Das Leid, das uns nun tagtäglich in Bild, Ton und Schrift begegnet, dass uns scheinbar härter zu treffen scheint, weil es auf unserem Kontinent passiert, dieses Leid ist unsagbar groß und darf nicht geschmälert werden. Die Menschen, die dieses Leid aushalten und tragen müssen, das wir immer nur ein klein wenig lindern können, diese Menschen leben in schweren Zeiten. Wir tun das nicht! Wir leben nicht in schweren Zeiten! Wir leben in schwierigen Zeiten, aber wir haben es nicht schwer! Wir sind nicht betroffen von Hunger, Bomben, Zerstörung, gewaltsamem Tod und Brutalität. Wir, die wir uns diese Bilder ins warme Wohnzimmer holen, und es ist mir unbegreiflich, warum wir das so exzessiv tun, dürfen nicht davon reden, wir lebten in schweren Zeiten! Wir können uns Betroffenheit als Lebensausdruck leisten. Würde diese Betroffenheit uns auch Demut lehren, so hätte sie wenigstens einen Sinn.

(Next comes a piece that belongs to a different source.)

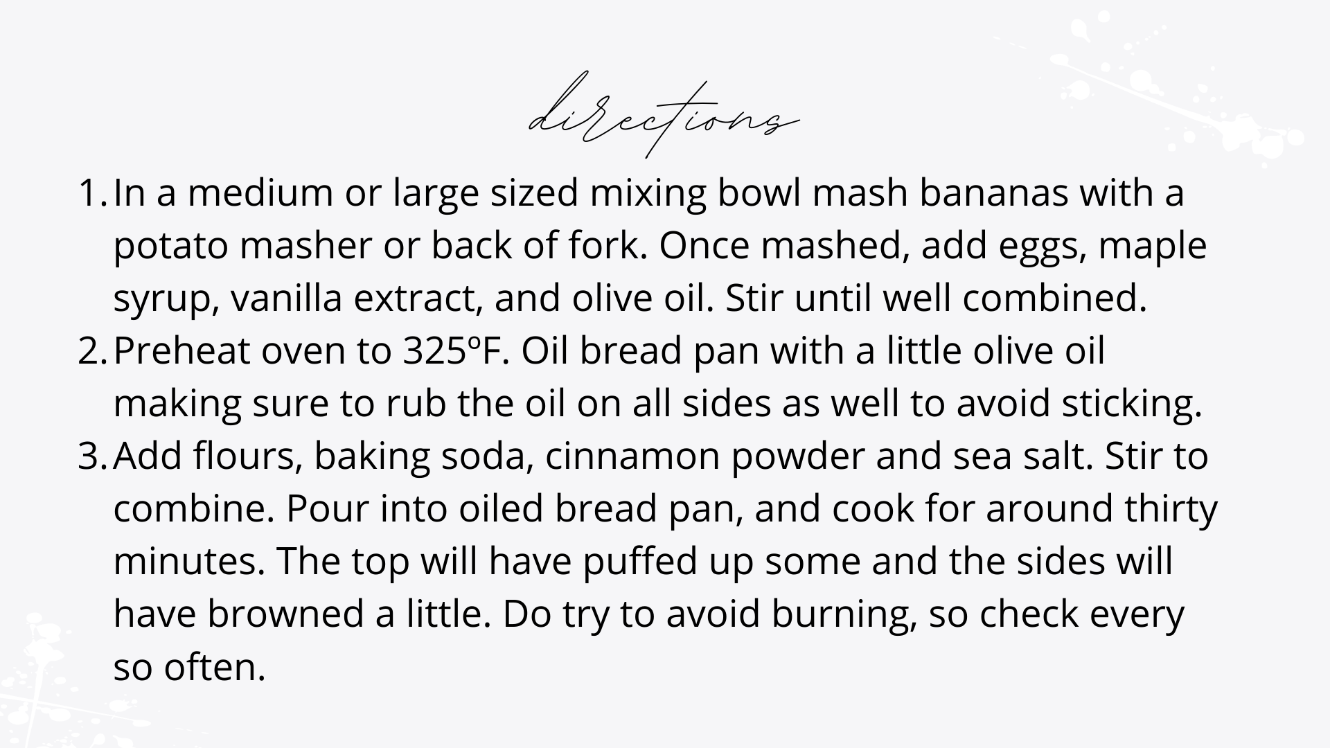 I really like banana bread. Bananas are a natural sweetener, and I tend to like the creamy texture bananas add to anything from smoothies to oatmeal. There are a few articles circulating the web claiming banana bread is something one should not eat because it has too much sugar and fat. My sweeteners are banana and maple syrup, and I do not use butter. Think of this as a less guilty banana bread.

Die aus Betroffenheit und Hilflosigkeit in Endlosschleife gesetzten Zeichen, die ständig „das Gute“ kolportieren, sind luftleicht im Gegensatz zur stillen guten Tat, die den Menschen in Not sieht. Wenn die Betroffenheit zudem nur die Angst nährt, bald selber „dran“ zu sein, hat sie entschieden das Ziel verfehlt.
Solange wir es uns leisten können, weltpolitisches Expertentum im heimischen Küchendiagramm Schwarz-Weiß anschaulich als Wahrheitsdiktatur darzustellen, solange stimmt das Gleichgewicht zwischen Brot und Spielen. Solange bleiben wir Spielball des die Demokratie unterwandernden desinformierten unkritischen Geistes und Träger des scheinbar unbefleckt helfenden Hemdes, das uns näher ist als die Hose.
Die Dominanz des Westens
Lassen wir also die Hosen runter und zeigen der Welt, wie herrlich eurozentriert wir sein können: Habe ich seit 2015 härteste Kämpfe mit Menschen ausgefochten, die alle Flüchtlinge am liebsten im Mittelmeer ertränkt hätten, muss ich bass erstaunt feststellen, dass genau diese Menschen ihre Häuser und Wohnungen öffnen für Menschen, die ihnen ebenso fremd sind, wie die damaligen Flüchtenden. Der einzige Unterschied: der Pass. Ein Mensch ist ein Mensch, ist ein Mensch…woher er auch kommen mag. Mir graut vor dieser Welle der hassenden Liebe, die in vollster Betroffenheit sich erlaubt zu entscheiden, wer hilfsbedürftig sei und wer nicht. Es ist unmenschlich und eines fühlenden Menschen unwürdig, bei der Thematisierung „Frauen auf der Flucht“ einen dreckigen Lachsmiley zu hinterlassen, während nun, da es eine andere Ethnie betrifft, „alles Menschenmögliche getan werden“ muss. Ein Mensch ist ein Mensch, ist ein Mensch…Doch entschieden wird zwischen Schwarz und Weiß, zwischen Rasse und Religion, zwischen Gut und Böse, zwischen rein und befleckt…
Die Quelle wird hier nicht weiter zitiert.